In Kagan's assessment, this "international nationalist" wing of the Republican Party dominates the party, or, at least, this approach rules among those who vie for the Oval Office. A different strain of nationalism, however, has emerged in the Republican-led Congress:
The other strain, which is more located in Congress, is a more insular nationalism, which I think is closer in its sensibility to almost a blood-and-soil nationalism because it's also married up in certain cases with concerns about immigration, with concerns about multiculturalism, which may or may not be justified.
This nationalism, however, is subject to change. Kagan believes that if a Republican wins the presidency, the hesitancy on the part of Congress to intervene will vanish. As he says:
My guess is Congress is going to flip around. Republicans who have been more restrained and looking toward a more minimal foreign policy are probably going to follow the direction of the Republican President, who is going to be more internationalist.
Kagan believes the Democrats will also change positions as well, moving away from their support for President Clinton's interventions:
The Democrats will go back to their earlier, more isolationist incarnation. I predict that the next Republican President is going to get involved in one of these quasi-humanitarian, quasi-national-interest interventions with substantial support in the Republican Congress and almost total opposition from Democrats in the Congress.
POLICY PRIORITIES: NATIONAL SECURITY VERSUS DOMESTIC POLICY
A President must decide early whether national security and foreign policy are a high or low priority--and this decision will affect the President's vision and strategy. Former Secretary of Defense Caspar Weinberger and former National Security Adviser Zbigniew Brzezinski both agree that the President must determine the priority to be given to foreign policy. From this determination will follow decisions on personnel and organizational structure. As Weinberger notes, "in order to organize an administration for national security ... you have to have, first of all, a decision by the administration as to what it wants to accomplish in foreign policy."
Policy Prioritization and Personnel
Weinberger observes that a President who "accepts the fact that we need to play a leadership role in the future ... will have a quite different organization and quite different personnel than if the goal is to be re-elected." But this distinction is not the only concern in selecting the personnel responsible for the implementation of national security policy. Brzezinski's experience leads him to conclude that "Presidents who put a higher emphasis on domestic policy tend to lean heavily on Secretaries of State who are dominant [while] Presidents who see themselves as architects of foreign policy tend to lean more heavily on their National Security Advisers." In the latter case, the National Security Adviser becomes "the bureaucratic beneficiary of presidential reliance on that close relationship."
From these observations, Weinberger agrees with Brzezinski's remark that:
The President really needs to reflect how he is going to use his time and where his priorities are going to be and choose his key advisors on that basis ... a President who is not really interested in foreign policy should make a very deliberate effort to choose a Secretary of State who is going to play a preeminent role; [but] if he thinks otherwise, then he should choose someone who is more of a luminary and put more emphasis on the office of the National Security Adviser.

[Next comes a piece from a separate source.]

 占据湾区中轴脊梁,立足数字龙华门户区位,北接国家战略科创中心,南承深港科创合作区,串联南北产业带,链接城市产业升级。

The President's priorities even affect the national security apparatus he will establish. Brzezinski continues:
In that connection, I think the President also must give some thought to what kind of a national security system he desires. In making that system, he should ask himself whether it helps the foreign policy coordination process to impose direct presidential control.
THE TRANSITION
The electoral campaign and the transition process influence the prioritization of issues and provide an indication of a President's focus once elected. Brzezinski notes that the transition process usually distinguishes between those "Presidents who put primary emphasis on foreign policy in the definition of their role and in their sense of historical responsibility, and [those] Presidents who will put more of an emphasis on domestic politics." This prioritization "immediately tends to affect how they operate and the kind of choices they make." Brzezinski adds:
The electoral campaign [however] is not necessarily a good guide in making this determination, because an electoral campaign is designed to win the elections, and that may not tell us too much about a new President. It certainly doesn't tell us much about the major foci of his foreign policy because a presidential campaign distorts foreign policy. It tends to primitivize foreign policy, reducing it to simple black-and-white issues.

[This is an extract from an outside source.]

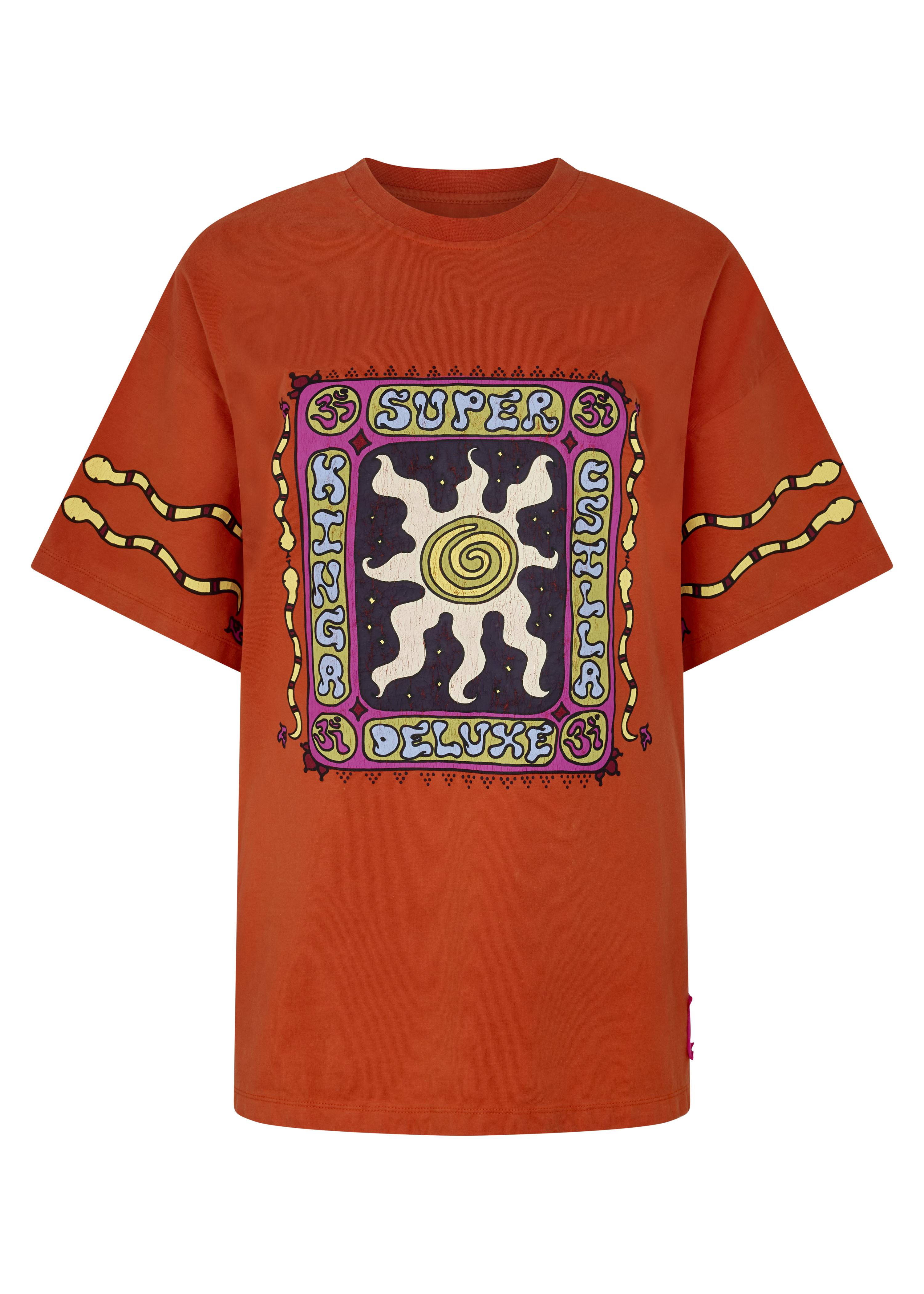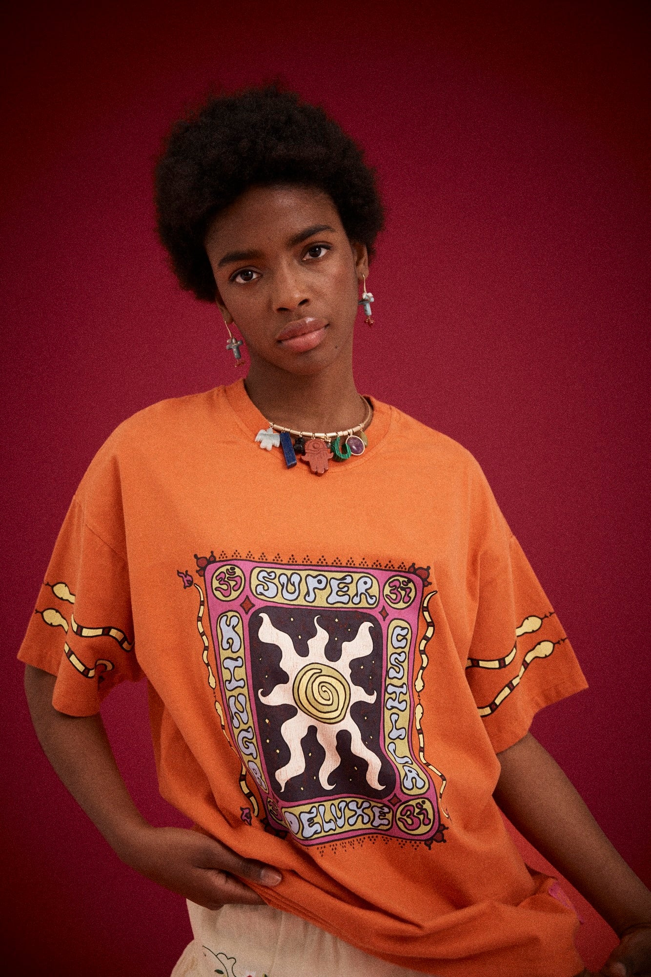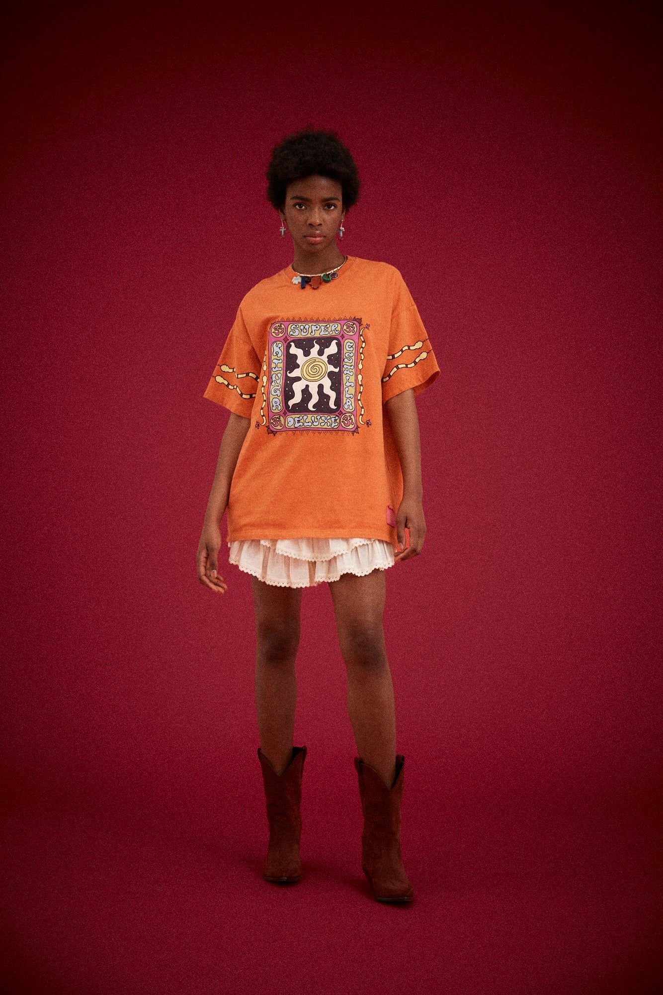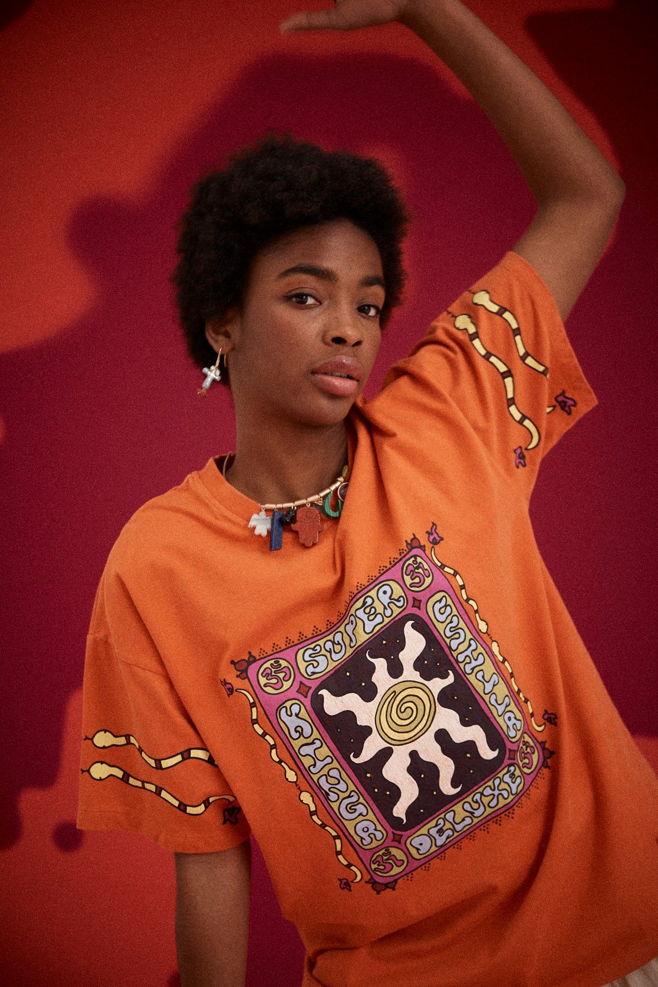 With hand-drawn sun motif in crackle print plus a washed orange base adds to the vintage feel, giving the tee a lived-in, collectible quality.

Yet before a President can enact his vision, he must first take over the machinery of government. To be successful, the candidate must make a smooth transition from campaigning to governing. This requires serious and early planning. All too often, Presidents arrive in Washington woefully unprepared for the task of leading the nation. Long before they and their teams enter the White House, careful planning must be completed, and specific steps must be taken to prepare the way for a successful presidency.
Brzezinski notes that it is important to focus the attention of the transition teams on the purposes and goals of the administration:
One of the problems over the years has been that transition teams tend to be formed very quickly, without much advance thought regarding these questions. Transition teams necessarily are staffed by people who are aspirants to jobs and are often focused on securing a position in the new administration rather than answering the critical questions that the President and his closest associates may have. Hence, the choice of a transition team ought to be made very clearly with these larger questions in mind. Otherwise, a transition team can become a source of confusion or simply self-promotion rather than serving the interests and the choices that the new President-elect ought very consciously to make.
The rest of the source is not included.